Когда он умолк, воцарилась почти бездонная тишина. Наползла ночная темень. Палатка напоминала склеп.
– Зажгли бы вы свет, – предложил доктору Стаббзу Дэнбар.
– Нет у меня света, – откликнулся тот. – Лень заводить движок. Раньше я с огромной радостью спасал людям жизнь. А теперь вот думаю: ну какой в этом, к дьяволу, прок, если их все равно пошлют на убой?
– Есть прок, и очень даже большой, – заверил его Дэнбар.
– Думаете, есть? А какой?
– А такой, что чем успешней вы продлите им жизнь, тем будет лучше.
– Да зачем, если их все равно убьют?
– А тут весь фокус в том, чтобы об этом не думать.

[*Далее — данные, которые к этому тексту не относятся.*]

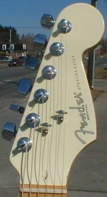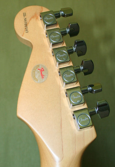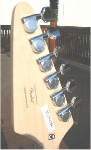 Click here for a detail of the body of the HSS "Fat Strat" version. Click here for a detail of the front of the headstock. Click here for a detail of the back of the headstock. |
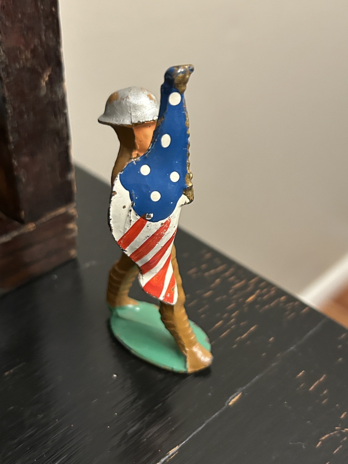 как выглядит VERY NICE MANOIL M3/7 LEAD DIME STORE G.I. SOLDIER FLAG BEARER фото

– Плевать на фокусы. Прок-то в этом какой?
– А черт его знает, – подумав, отозвался Дэнбар.
Сам он не знал. Предстоящая бомбардировка Болоньи должна была вроде бы его радовать, потому что минуты ожидания тянулись как часы, а часы превращались в столетия… Но он извелся и замучился от предчувствия, что его убьют.
– Так вы и правда хотите еще кодеина? – помолчав, спросил Дэнбара доктор Стаббз.
– Да-да, это для моего друга Йоссариана. Он чувствует, что его убьют.
– Для какого, к дьяволу, Йоссариана? Кто такой Йоссариан? Что еще за дьявольская фамилия – Йоссариан? Это не тот ли тип, который упился на днях в офицерском клубе и затеял потасовку с подполковником Корном?
– Тот самый. Он ассириец.
– Псих он, а не ассириец.
– Ну нет, он-то не псих, – возразил Дэнбар. – Он клянется, что не полетит на Болонью.
– Так об этом-то я и толкую, – подхватил доктор Стаббз. – Он один тут не сумасшедший, даром что псих.